The Other Consumer Movement: Psychiatric Users/Survivors
The psychiatric consumer movement has two distinct segments. One is dominated by relatives of persons diagnosed as mentally ill. It has made major contributions to funding research on schizophrenia and depression and advancing financial parity for psychiatric care.
The other segment of the consumer movement is composed of people who have been known to psychiatrists only as patients. The more militant designate themselves as "survivors," regarding their contacts with organized psychiatry as more stressful than their presumed disorder; some have embraced elements of the antipsychiatry movement. Others, acknowledging a relationship with psychiatric services, prefer to call themselves "users." Both reject the designation of "consumer" as it implies a nonexistent equality of power with professionals and a freedom of choice (as in the marketplace) that they do not always have.
The major goals of those who constitute this movement are the achievement of greater self-determination, freedom from institutional restraints (including compulsory hospitalization and treatment), and the development of user-controlled treatment facilities.

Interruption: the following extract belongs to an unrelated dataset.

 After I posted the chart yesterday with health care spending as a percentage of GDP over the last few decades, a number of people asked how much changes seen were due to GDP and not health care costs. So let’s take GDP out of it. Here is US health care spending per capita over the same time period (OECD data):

Their transformation from an aggregate of isolated individuals, represented largely by conventional mental health associations in which they did not participate, into a self-aware collectivity began after World War II, a period when other minority populations were beginning to realize their own potential power.

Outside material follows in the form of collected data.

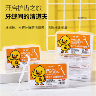 小黄鸭双线牙线棒家庭装 一次性牙线牙签剔牙口腔清新 超细弓形盒装
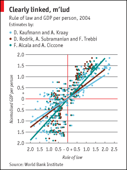 The Economist diskuterar förtjänstfullt denna forskning och visar ett diagram av Världsbankens Daniel Kaufmann, som på basis av tre studier påvisar ett positivt samband mellan rättsstatens kvalitet och välstånd:
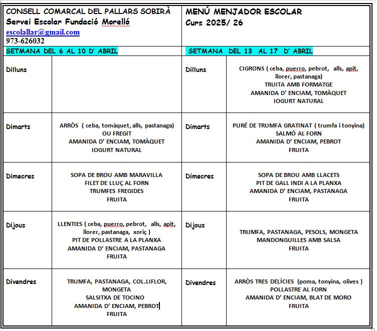 Menú 1ª quinzena d’ abril

Initially the former patients provided support for each other as peers who experienced similar difficulties. Over time some of their encounters became institutionalized in a range of settings—each other’s homes, drop-in centers, or small businesses.
In many parts of the world these take the form of clubs with participants called members rather than patients. The clubs (for example, Fountain House in New York City) represent a compromise between total autonomy and total dependency on professionals. They may hire at least one full-time staff member, typically a social worker, and offer vocational training, job placement, and sleeping quarters, as well as social support.
This compromise is not, however, acceptable to everyone. Many feel that authentic self-help services must be totally directed and run by users/survivors. In such settings, the overriding values are choice and autonomy in contrast to professionally directed services where symptom removal has paramount value. It is of particular concern to users/survivors that symptom removal is regarded by many professionals as justification for coerced treatment.
One response to this concern was the U.S. "mental patients’ liberation movement." As documented by survivor Judi Chamberlin, it started in the early 1970s with a major goal of "developing self-help alternatives to medically based psychiatric treatment and securing full citizenship for people labeled ‘mentally ill.’" A number of organizations have been formed to pursue these goals. In the era of the Internet they have multiplied with Web sites and interactive networks. Their sentiment is expressed in the title of one Web site’s essay, "If It Isn’t Voluntary, It Isn’t Treatment."
Since 1982 the World Federation for Mental Health (WFMH) has tried to facilitate a new pattern of relationships between user/survivor groups and the mental health establishment at the international level. This required enhanced sensitivity to the dignity and self-esteem of those who had felt marginalized by society and excluded from full participation in decisions affecting their lives.
The WFMH invited these groups to participate in its regional and world conferences and, largely through grants from the NIMH, was able to support the travel of many. In 1989 it assisted in the formation of a World Federation of Mental Health Users (WFMHU) and in 1993 elected that group’s president, Mary O’Hagen of New Zealand, as the first user/survivor member of the WFMH board of directors.
However, some user/survivor groups began to feel they were losing the militancy that led to early successes. Among them was the world’s oldest national organization of users/survivors, the Association for Social and Mental Health, which was founded in Sweden in 1966 and now has 10,000 members in 26 regional divisions. Although its governing board once included professionals, its members regarded it as "too smooth and adjusted to authorities." Today all of its elected officers are users or ex-users of psychiatric services.
In the Netherlands, Jan Dirk van Abshoven, leader of the European Network of Users and Ex-Users in Mental Health, formed between 1991 and 1993, enunciated a clear philosophical difference from mental health professionals, conceiving of mental health as a human right rather than a health issue: "Absolute health does not exist. . . .[T]he person’s individual dignity outweighs. . .health."
This perspective bears on the strongly held views against neuroleptic medications held by many users/survivors.
Despite variations, however, the move toward collaboration between professionals and users/survivors continues. Several university-based psychiatry departments are pioneering the use of former patients as staff members, especially in outreach programs. There is a growing realization that the most effective way to reduce stigma is to collaborate on a peer basis with ex-patients in meaningful work.
The movement is beginning to reach beyond the industrial democracies to foster users’ movements in the Eastern Mediterranean, South America, and Eastern Europe.
Over the long run, recognition of organized users/survivors and their participation in developing and supervising treatment programs may be among the century’s more significant advances in psychiatric care.